Filling holes in plastic bldg kit?

I acquired the Vollmer Neuffen Station plastic kit to represent the local RDG RR station, now long gone, on my 1950’s layout. The kit has enough of the architectural lines and details to be a pretty good likeness. I don’t want to apply the supplied Tudor-style timber to the facades. However, I have to fill in the holes that would accept the timber and then paint the model.

What kind of filler or putty should I use to fill in these holes? I want to minimize any sanding because the façade pieces have a grainy surface that I want to retain. Any advice is welcome.

I use Bondo autobody filler. Comes in a tube, which will last you a long time in HO scale. Just squeeze out a blob and apply with a toothpick. Doesn’t shrink much, if at all, and works as well as “model” putty for a LOT less money. With careful application, the need for sanding will be minimal.
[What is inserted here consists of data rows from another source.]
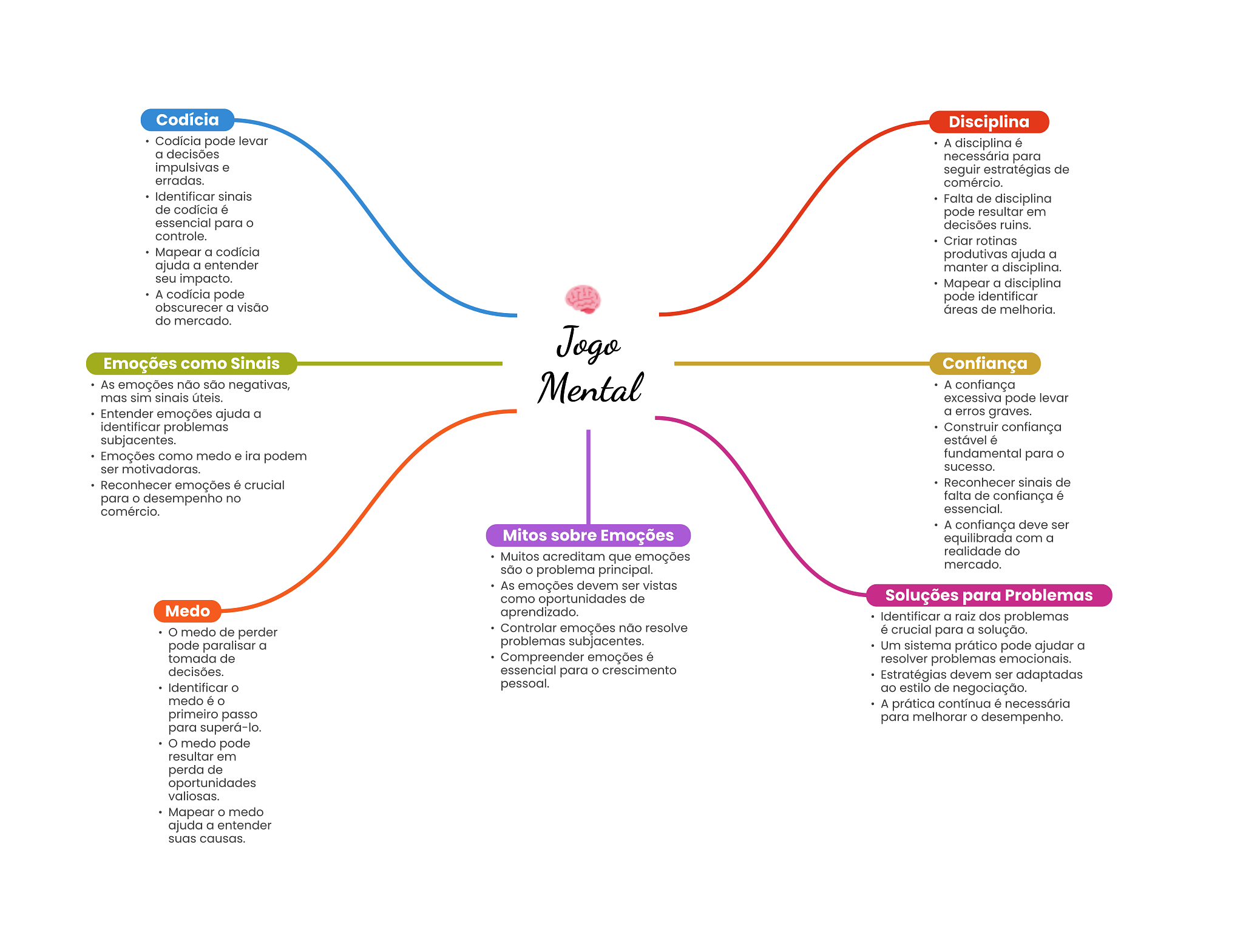 Codícia Disciplina Codícia pode levar A disciplina é a decisões necessária para impulsivas e seguir estratégias de erradas. comércio. Identificar sinais Falta de disciplina de codícia é pode resultar em essencial para decisões ruins. controle. Criar rotinas Mapear a codícia produtivas ajuda a ajuda a entender manter a disciplina. seu impacto. Mapear a disciplina A codícia pode pode identificar obscurecer a visão áreas de melhoria. do mercado. Jogo Emoções como Sinais Confiança As emoções não são negativas, mas sim sinais úteis. Mental A confiança excessiva pode levar Entender emoções ajuda a a erros graves. identificar problemas Construir confiança subjacentes. estável é Emoções como medo e ira podem fundamental para O ser motivadoras. sucesso. Reconhecer emoções é crucial Reconhecer sinais de para desempenho no falta de confiança é comércio. essencial. A confiança deve ser Mitos sobre Emoções equilibrada com a realidade do Muitos acreditam que emoções são problema principal. mercado. As emoções devem ser vistas como oportunidades de Soluções para Problemas Medo aprendizado. Identificar a raiz dos problemas medo de perder Controlar emoções não resolve é crucial para a solução. pode paralisar a problemas subjacentes. Um sistema prático pode ajudar a tomada de Compreender emoções é resolver problemas emocionais. decisões. essencial para crescimento Estratégias devem ser adaptadas Identificar pessoal. ao estilo de negociação. medo é A prática contínua é necessária primeiro passo para melhorar desempenho. para superá-lo. medo pode resultar em perda de oportunidades valiosas. Mapear medo ajuda a entender suas causas.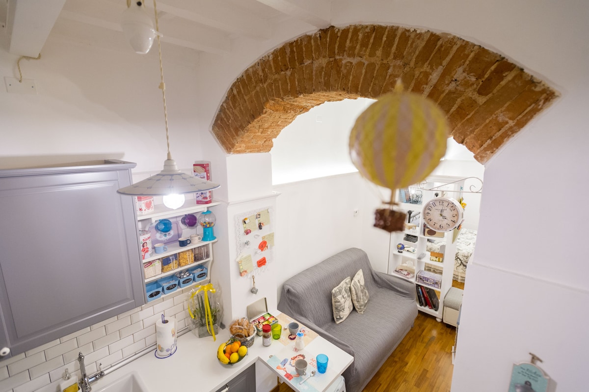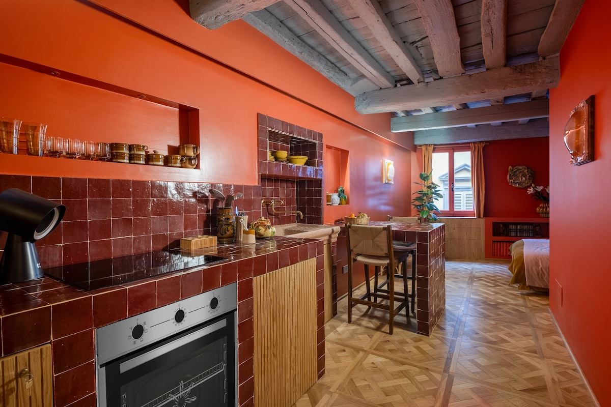 Featured by Vogue USA among the Top 18 Airbnbs in Italy and the Top 12 in Florence, and mentioned by other travel magazines, the apartment is on the third floor of a 16th-century building with no elevator, bright with a rooftop view With checkerboard terracotta floors and handmade blue tiles, it blends historic charm and modern comfort It is located in Borgo Pinti, just steps from Florence’s main attractions It includes a bedroom and a large living room with kitchen, for 550 sq. ft. in total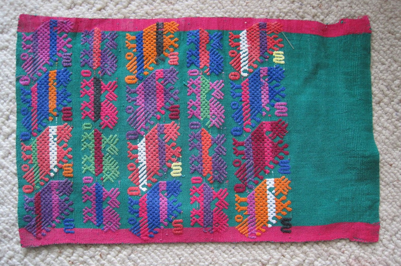 This tzute was woven in a single panel on a backstrap loom. The person from whom I bought it told me it was from Chuarrancho, located in the department of Sacatepequez, near the ancient colonial capital of Antigua in southern Guatemala. It measures 11.5 inches wide and 18.5 inches long. Both ends are selvage-finished. Condition is Very Good, with some light soil and a few pulled threads. This textile was purchased in 2019.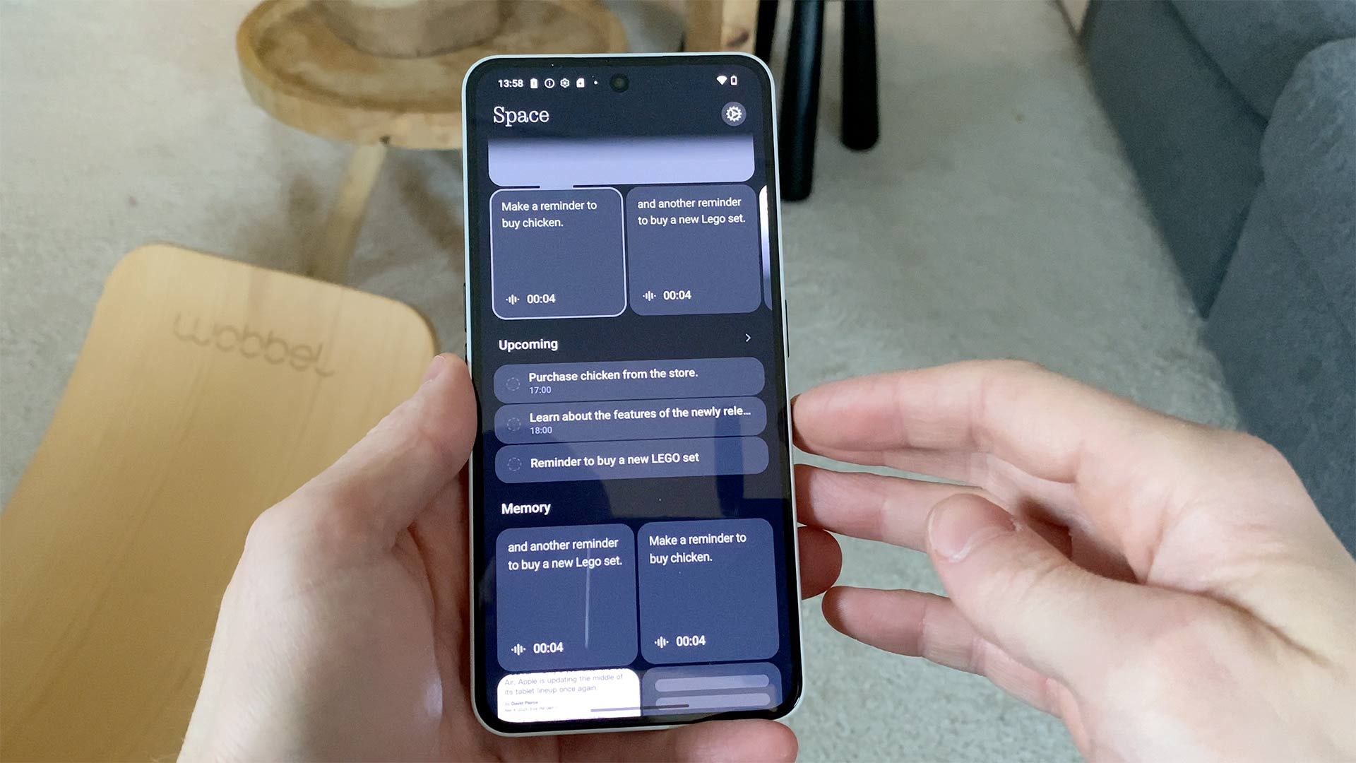 Annars är den största nyheten här den nya knappen på telefonens högersida. I korthet används denna för att spara information. Ett tryck på knappen tar en skärmavbild av det som syns på skärmen och ger sedan möjlighet att lägga till ljud- och textnotiser. Medan ett längre tryck aktiverar röst-memo-läget. Allt innehåll som läggs till sparas sedan i den nya Essential Space-appen, som fungerar ungefär som en to-do-lista. Här inkorporeras också Nothings AI-funktionalitet för att t.ex. hjälpa till att tolka röstinspelningar och göra faktiska listor eller ställa in påminnelser, alarm etc. utifrån vad man valt att spara.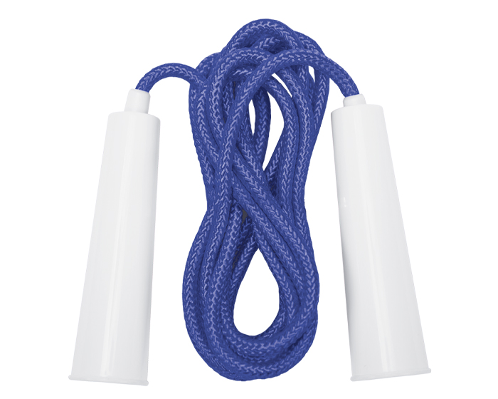 Cuerda para saltar de poliéster con mango de plástico ajustable.

Bondo will work, and so will auto spot putty, but temp and humidity can make those spots show up later. Stretch plastic sprue is not only the cheapest, but the best solution. Simply get a candle and grab some sprue. Now hold it over the flame, not too close. You don’t want to burn it, just warm it up so you can stretch it. Once you stretch it a bit you can set it aside. Once it’s cooled down you break it in half at the thinnest point and apply some glue to the pointy end. Now insert it from the front side of the wall and push it right through the hole you want to fill and let it dry. once its ready, cut it off with your xacto knife close to the surface and trim. Some light sanding may be required, depending on how good a of a trim job you do. You shouldn’t have to do much, if any. You now have a plastic patch thats the same color as the rest of the wall (read: needs little priming).

Philip gives some good advice on this. I used to shape the sprue, but the stretch method is a good one. I would like to add, that using an Xacto chisel will give better control w/o marring the wall surface. The chisel will also allow you to carve texture at the repair to match.

Squadron Green putty works very well to fill in holes. Sandable and paintable, and it doesn’t eat plastic. At least it didn’t when I filled in the horn mouting holes on the MDC RS-3 kit I’m workign on.

Now I need to go research that kit and see just how close to a Reading station it is, since I need those too!

–Randy

Phil - The sprue stretch is a great idea - I never would have thought of that. I’m going to give it a try.

Randy - It’s the original RDG Queen Anne style passenger station at Pottsville, which was torn down around 1961. The Vollmer kit grabbed me as soon as I laid eyes on it. It will need some modification but I think I can make it work. I was lucky to find one at the Reading Expo show in December - I think it’s out of production.

Thanks everyone for the responses.

Philip - Wow, does that sprue stretch thing work. What a great tip. After drying, I held the piece 2 ft in front of me and could not see the patch. Then I proceeded to cut my thumb with the xacto. I think that chisel blade might be a good idea. Thanks again.

I used to build custom model cars and I used that trick all the time. I knew that experience would come in handy one day. You’re welcome. I’m glad it worked. Now go get a band aid.